症状については短期的には今までのオミクロン株と大差ないというのが現時点での評価らしい。一方で、神経系感染や神経系症状については調べた限りまだ情報が出ていない。神経系症状は長期的なものなので、情報が出るにはまだ時間が掛かると思われる。個人的には神経系への影響が無くなれば脅威は去ったと考えることが出来るのだが、まだ安心できる状況ではないだろう。

また、免疫回避について話題に出たので復習しておくが、新型コロナウイルスの排除に大事なのは抗体に依存した液性免疫だけでなく、むしろT細胞に依存した細胞性免疫である。

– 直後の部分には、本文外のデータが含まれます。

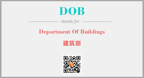英文缩略词“DOB”经常作为“Department Of Buildings”的英文缩写来使用,中文表示:“建筑部”。本文将详细介绍英文缩写词DOB所代表英文单词,其对应的中文拼音、详细解释以及在英语中的流行度。此外,还有关于缩略词DOB的分类、应用领域及相关应用示例等。
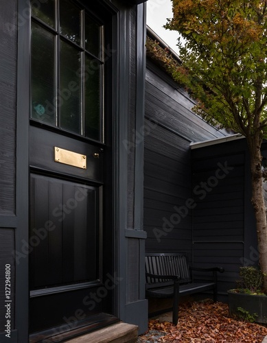 Fototapeta premium Black front door of black house, tree and bench
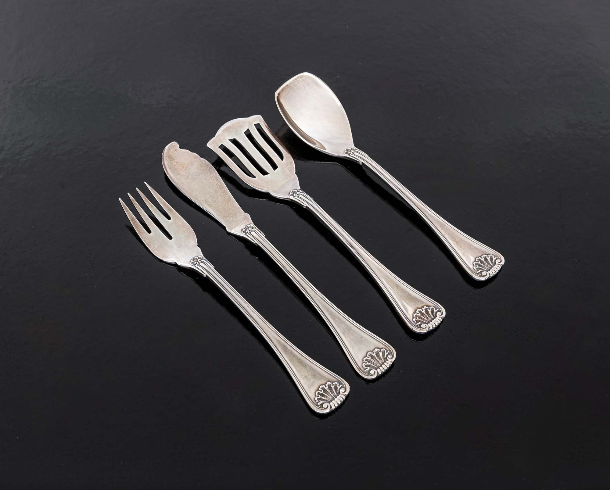 Quattro posate da antipasto in argento caratterizzate al vertice dell'impugnatura da conchiglia cesellata ripetuta al verso cm 13,5 (2) - cm 14 e cm 15 - peso complessivo gr. 126
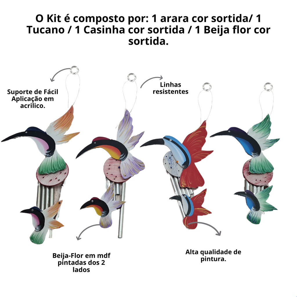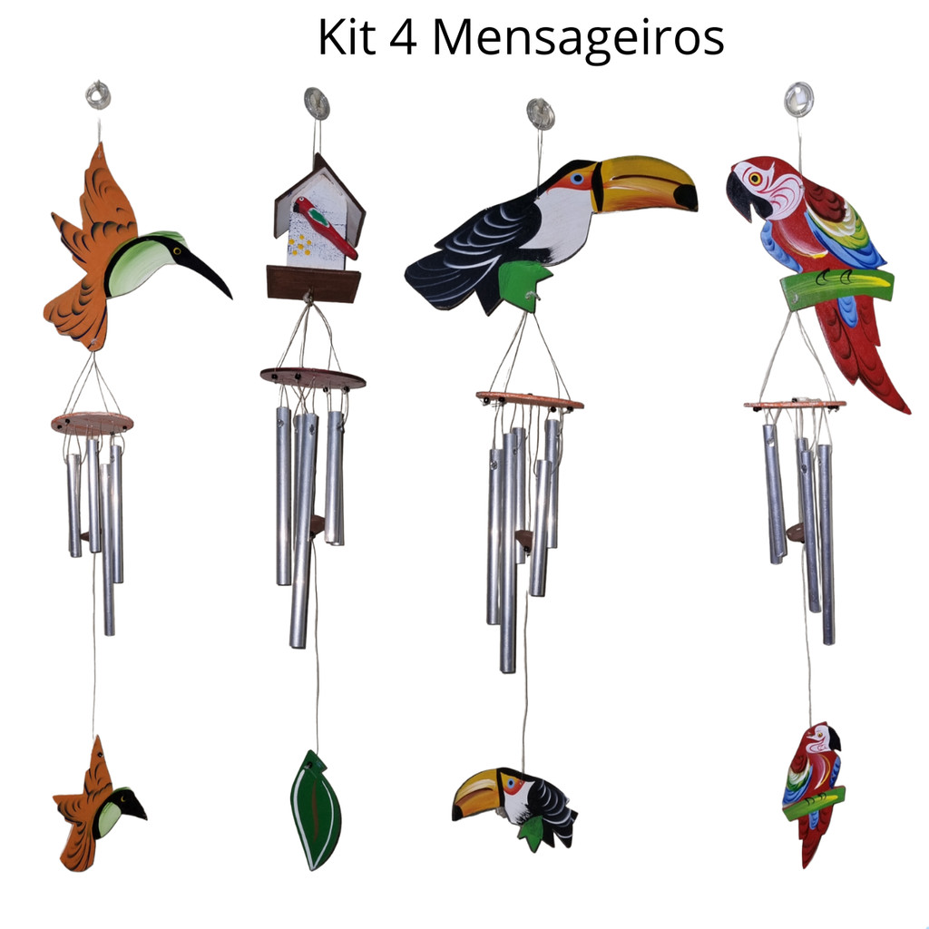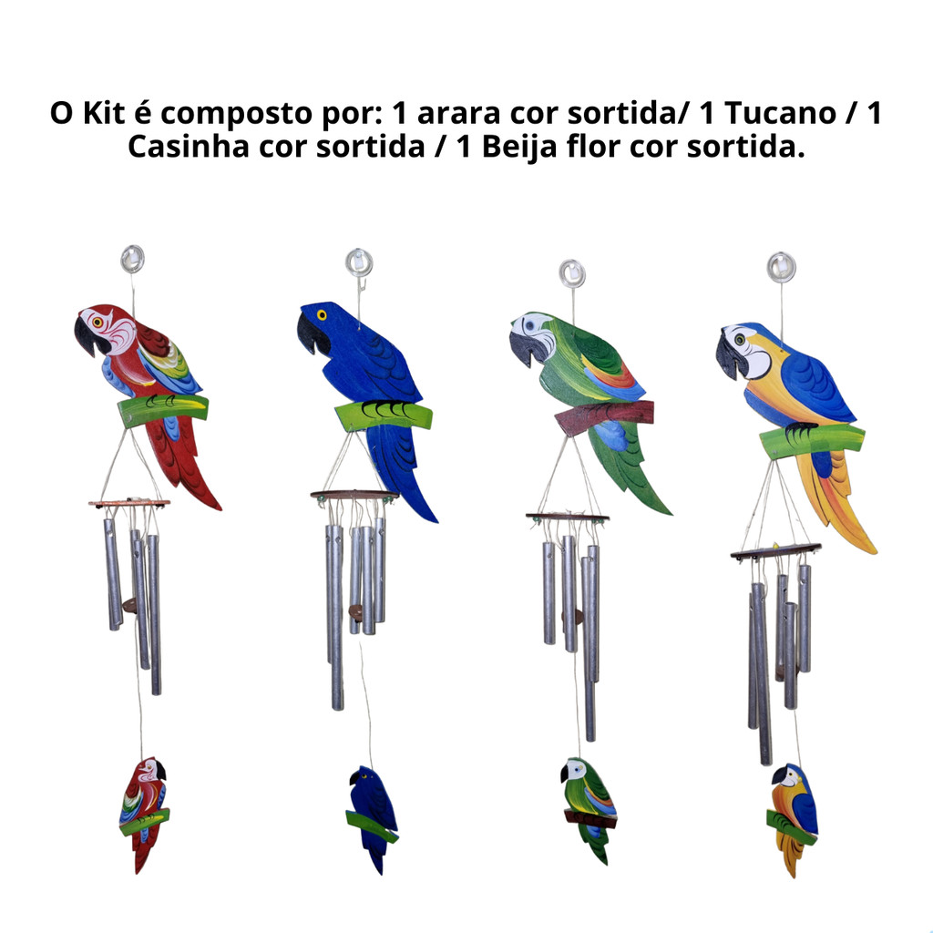 Kit 4 Sino dos Ventos Arara, Tucano, Beija-Flor, Passarinho
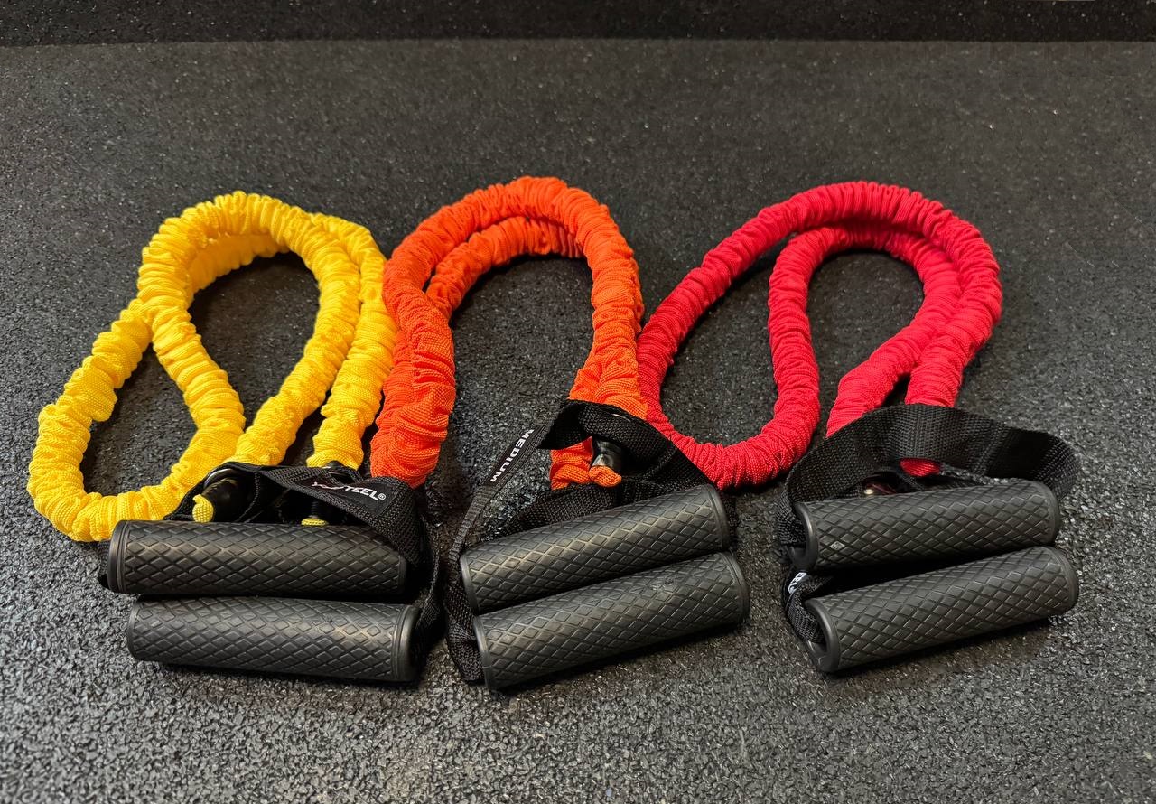 Избегайте абразивных поверхностей, чтобы предотвратить повреждение кожуха эспандеров и продлить срок их службы. Проверяйте изделие на целостность и не используйте во время тренировок эспандеры с надрывами/разрывами. Храните эспандеры в прохладном темном месте, не подвергайте воздействию влажности и прямого солнечного света. Не растягивайте снаряд более чем в 2 раза от начальной длины.
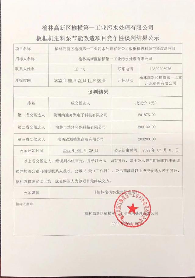 榆林高新区榆横第一工业污水处理有限公司 板框机进料泵节能改造项目竞争性谈判结果公示

この細胞性免疫・T細胞による直接的な攻撃がウイルス感染に対しては重要な反応であり、それを回避する変異がウイルスから見れば重要なのだ。最近の記事でも、細胞性免疫の認識に関わるHLAの個人差が新型コロナウイルス感染症の罹りやすさに関係するというものがあった。

この手の論文は以前から出ているので特に新しい話でもないのだが、細胞性免疫の重要性を理解してほしい。逆に言えばワクチンの効果について抗体だけで議論するのは有意義ではない。

新型コロナウイルスを含めてRNAウイルスについては変異の速度が極めて速い。今まで、RNAウイルスに対してワクチンで有効な対策が可能だったケースなど殆ど無かったのだ。今回の新型コロナウイルスについては核酸ワクチンを使って、異常な強さの細胞性免疫を誘導し、無理矢理効果がある事にして対応出来たかのような雰囲気を作っているが、現実的にはウイルスの変異速度に敗北していると言っても過言ではない。このEG.5変異株に対しても、新しいタイプの核酸ワクチンが開発されると思うが、果たして次の変異までに対応が間に合うだろうか。同時に、それを理解出来ない科学者ばかりではない中で、製薬企業もこのイタチごっこを続けるだろうか。経営者は利益が出る限り続けるかもしれないが、研究部門は反発を始めるかもしれない。科学的に起こっている事を正しく把握し、どの様な情報からどの様な解釈をすればいいのか冷静に思考しよう。